She's not certain what her next move will be. She can't work in local television for a year, unless she can get her noncompete agreement with Channel 3 waived.
She's thinking about taking classes at UNC Charlotte next semester. She doesn't want to leave town.
Her husband is an engineer in Shelby and they have a toddler, Sidney.

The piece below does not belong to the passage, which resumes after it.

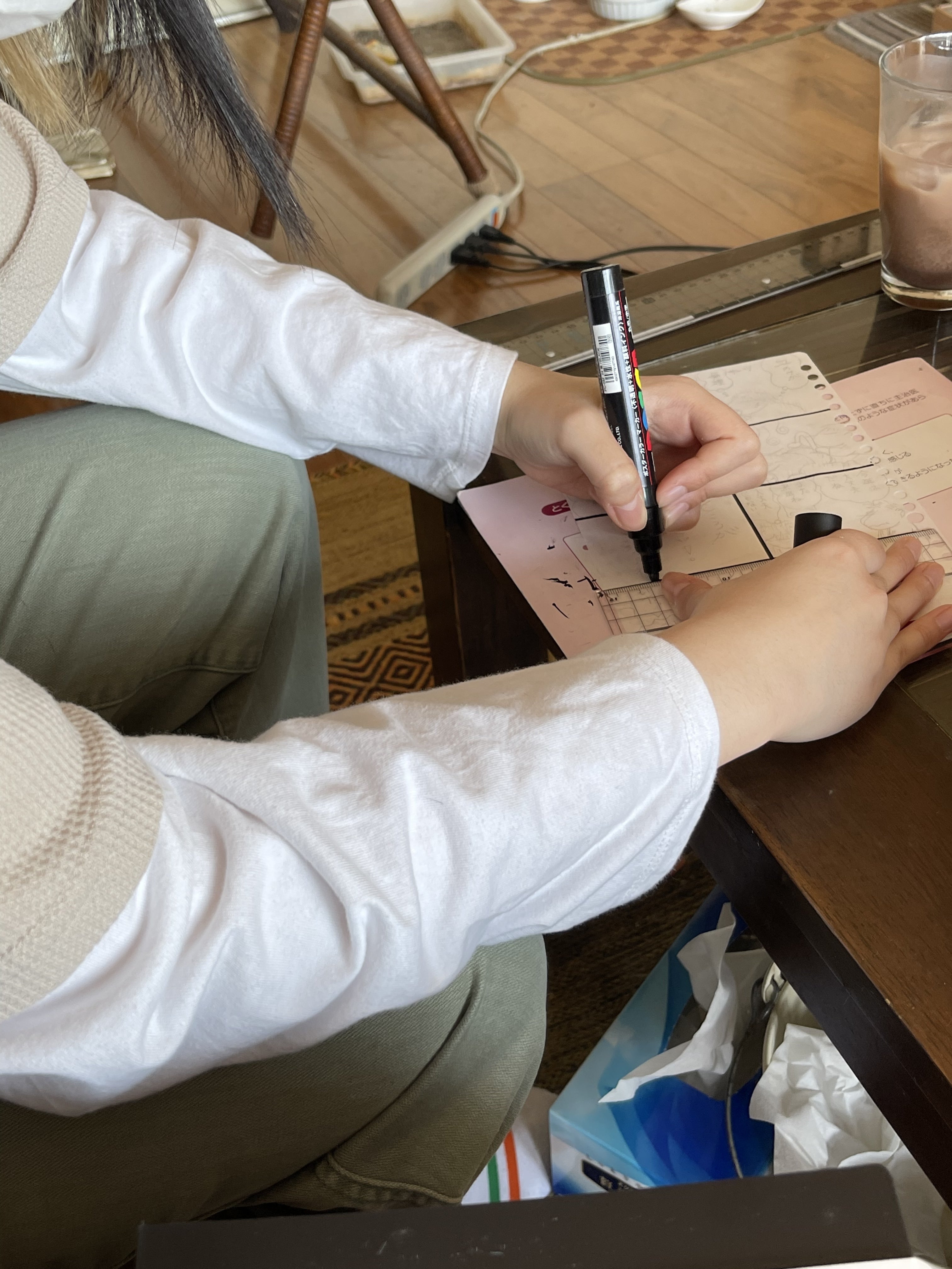 真っ直ぐの線を引くのは苦手と言いつつ次々と枠線を引いてゆきました

'My husband and I love Charlotte and we intend to raise our son here ... He's 1 year old and walking -- and I'm getting a lot of exercise now.'
Media Movers
Weekend anchor Janelle Martinez is leaving WCNC (Channel 36) after seven years. She wants to spend more time with her children, ages 2 and 5. 'I may pop up somewhere else,' she says. 'Right now I wanted to spend some time with them.' ... Keith Monday joins the WSOC-TV (Channel 9) weather team. He was previously at a station serving Huntington-Charleston, W.Va. ...At WKKT-FM ('Kat' 96.9), Ryan Dokke arrives from Spokane, Wash., to take over as music director ... Richard Hinshaw, once of Charlotte's 'Big WAYS' and WROQ-FM, takes over as general manager for a cluster of stations in Gainesville, Fla. ...
Cellist Kendall Ramseur of Charlotte, a student at the N.C. School of the Arts, will be in the orchestra Sunday when NCSA Chancellor John Mauceri conducts Gershwin's 'Rhapsody in Blue' at the Grammy Awards ... It's a boy for Sloan Rutter of Charlotte, who stars on public television's 'For Your Home' show with her mother, Vicki Payne. Rutter's pregnancy will be in an episode on nursery makeovers next season ...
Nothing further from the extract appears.